1. a Venenum apis polypeptide effective site, is characterized in that: this effective site is to obtain through dialyzer dialysis from the thick Venenum apis of the narrow abdomen Vespa of Hymenoptera Vespoidea side insecticide; Wherein the molecular cut off of dialyzer is 25KDa.

2. a preparation method of preparing the Venenum apis polypeptide effective site described in right 1, it is characterized in that: dissolve the thick Venenum apis of wasp of collecting, pour in Dialysis tubing, tighten suitable for readingly, the Dialysis tubing installing is put into the beaker that fills distilled water, shaking table concussion dialysis, stir, after 12-24 hour, get peritoneal effluent dry, desalination, then be drying to obtain; Wherein Dialysis tubing refers to that molecular cut off is the bag filter of 25KDa, is dried and refers to that lyophilization or concentrating under reduced pressure are dried, and the thick Venenum apis of wasp refers to the Venenum apis in the narrow abdomen Vespa of Hymenoptera Vespoidea side insect bodies.

3. the arbitrary described Venenum apis polypeptide effective site of claim 1-2, for the preparation of the purposes of control cardiovascular and cerebrovascular diseases medicament, is characterized in that: described cardiovascular and cerebrovascular disease refers to ischemic cerebrovascular, ischemic cardiovascular.

4. according to the purposes of claim 3, it is characterized in that described cardiovascular and cerebrovascular disease refers to heart infarction, thrombus of heart blood vessel, cerebral thrombosis, cerebral infarction, urgency/chronic cerebral apoplexy and/or cerebral infarction injury sequela; Wherein cerebral infarction injury sequela refers to lateral deviation paralysis, hemidysesthesia, hemianopsia, face tongue paralysis, aphasia, general paralysis.

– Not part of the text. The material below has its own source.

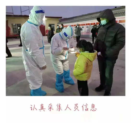 我的第二个志愿者工作是在村委会帮助做核酸信息采集、维护现场秩序。在采集信息之前,政府派专业人员对我们进行了培训,以便能够灵活熟练地使用信息采集软件,随后我们就开始了正式的工作。从1月9日至1月26日,我们进行了二十次核酸检测,而信息采集工作也并不像我想象中的容易。人都是有惰性的,特别是在寒冬,起床对我来说实在是件困难事。自从成为一名志愿者,我就一改往日睡懒觉的坏毛病,每天准时五点半起床去村委会开始一天的工作。为了避免任意穿脱造成防护服的浪费,我们的防护服常常一穿就是一天,而我们一天也只能吃一顿饭,睡六个小时。我们时刻准备着,为尽快战胜疫情不停地忙碌着。我们忍受着饥饿,忍耐着寒冷与疫情对抗,采集信息的时候手会冻到没有知觉,但是一想到有很多的医护工作者和我们站在同一战线,无论多冷,我们的心里也是暖暖的,全身也注入了持续奋斗的能量。

5. according to the purposes of claim 3, it is characterized in that: described purposes is embodied by pharmaceutical preparation, medical apparatus and instruments, cosmetics of everyday use form; The form of described pharmaceutical preparation, medical apparatus and instruments, daily chemical products is hydrogel, frothy gel, liniment, cataplasma, lyophilized powder, water preparation, aerosol, suppository, externally-applied liniment, ointment.

6. a pharmaceutical composition with control cardiovascular and cerebrovascular disease effect, is characterized in that: this pharmaceutical composition contain treatment effective dose according to Venenum apis polypeptide effective site, pharmaceutic adjuvant, pharmaceutical carrier or the dressing of claim 1.